Case considered: Castledowns Law Office Management Ltd. v. FastTrack Technologies Inc., 2009 ABCA 148

PDF version: The perils of selling the same property twice (with an aside on styles of appellate decision-making)

This was a dispute between two purchasers of the same piece of commercial real estate in Edmonton, the Vienna Building at 7708-104 Street. The vendor, 1131102 Alberta Ltd, sold the property first to FastTrack Technologies Inc. (FastTrack). That agreement was conditional upon the vendor’s lawyer’s approval. The vendor also entered into a second or back-up agreement with Castledowns Law Office Management Ltd. (Castledowns). The back-up agreement with Castledowns was conditional on “satisfactory confirmation of termination” of the FastTrack agreement. The resolution of the dispute turned on the interpretation to be given those words. This was the issue on which the dissent of Mr. Justice Frans Slatter parted ways with the majority judgment of Madam Justice Carole Conrad, concurred in by Mr. Justice Clifton O’Brien. Was it enough if the vendor could legally terminate the agreement with FastTrack and did so? Or did FastTrack have to ratify any purported termination by the vendor? This contract interpretation issue is perhaps less interesting than the fact that neither the majority nor the dissenting judgment engage with the other on that or any other issue.
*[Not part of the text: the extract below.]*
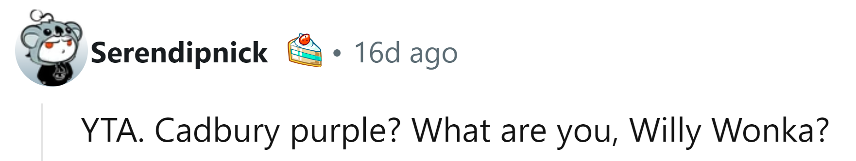But then she started suggesting different colors. The OP reminded his fiancée that he wanted Cadbury purple, but she said it wouldn't go with anything.
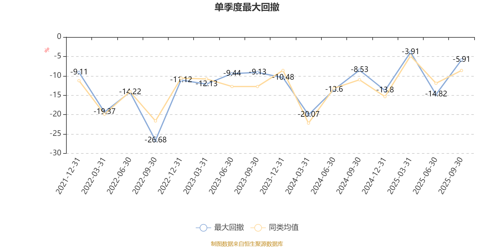 截至10月28日,基金近三年最大回撤为41.18%,同类可比基金排名46/75。单季度最大回撤出现在2022年三季度,为26.68%。

This style of appellate decision-making has been called “uncooperative” in the empirical literature that examines why justices decide as they do. (See, e.g., Benjamin Alarie and Andrew Green, “Charter Decisions in the McLachlin Era: Consensus and Ideology at the Supreme Court of Canada.”) The label “uncooperative” is not necessarily intended to be pejorative, depending on the reason for the lack of cooperation. Some judges value independence as the best method for achieving internally consistent reasoned decisions. Some Chief Justices encourage certain styles of interaction in the preparation of judgments. Sometimes, however, the lack of cooperation is due to ideological or personal differences. It usually takes a very large number of judgments before the reason becomes clear, with ideological or personal constraints on cooperation tending to lead to more plurality and dissenting judgments.